I did not think so much about Sophie or any troubles of the grand’case because at that time I had a trouble all my own. This was because Guiaou and Riau had come to be at Ennery at the same time. We each must go where orders sent us and they had not sent us to Ennery together, not for a long while. But after all the men of Dieudonné came to join his army, Toussaint was so very pleased that he let Riau and Guiaou choose where they would be sent next. I chose Ennery, and it seemed Guiaou must have said the same, and that was how it happened. There was not so much fighting just then anyway. Even when Villatte tried to make his rising, Toussaint left Riau and Guiaou at Ennery, though he took a lot of men north to take care of that trouble.

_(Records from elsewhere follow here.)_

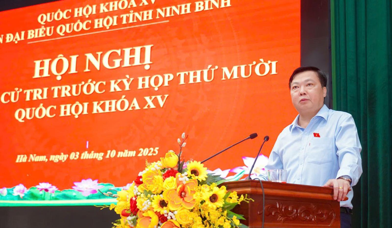 Thay mặt Đoàn ĐBQH tỉnh, Phó Trưởng Đoàn ĐBQH tỉnh Ninh Bình Phạm Hùng Thắng đã thông báo nhanh với cử tri về tình hình phát triển kinh tế-xã hội của đất nước, của tỉnh trong 9 tháng năm 2025; đặc biệt là những thiệt hại của cơn bão số 10 vừa qua, công tác khắc phục hậu quả sau bão để nhanh chóng ổn định đời sống, khôi phục sản xuất cho Nhân dân vùng bị thiệt hại.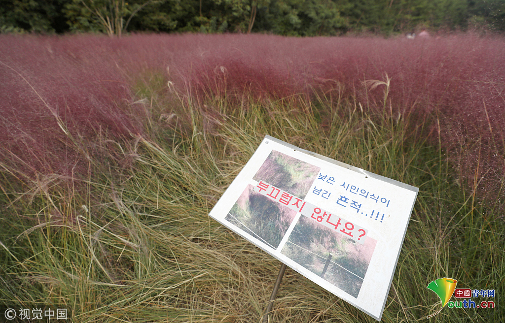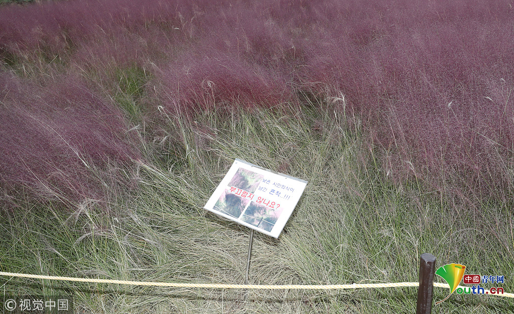 當(dāng)?shù)貢r(shí)間2018年10月16日,韓國(guó)蔚山,近日,蔚山公園大片粉黛亂子草盛開,粉紅花海浪漫十足,但部分花海遭游客隨意踩踏。公園并沒有修復(fù)遭破壞區(qū)域,而是用繩索圍起并掛上批判性告示,呼吁游客腳下留情。圖片作者:Yonhap News Agency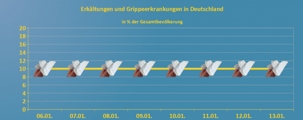 Mit Krankenzahlen bis 10% bis zum Ende der Woche bleibt der Krankenstand, für diese Jahreszeit gesehen, eher moderat.

That was the first time I saw the new child born to Merbillay. A girl child, and Guiaou had planted the seed of her. Her name was Sans-chagrin, but Merbillay and everyone called her Yoyo.
So many babies and small children were in the camp with us now. It seemed I had not noticed them until I saw Merbillay holding this new baby in her arms. In slavery time we did not see so many children because women did not want to bring them into the world to be slaves, and many women found one way or another to stop the children coming. It was different now, and women were glad when the babies came, and I was glad to see Merbillay and this new girl baby smiling at each other, though I had no voice in her naming.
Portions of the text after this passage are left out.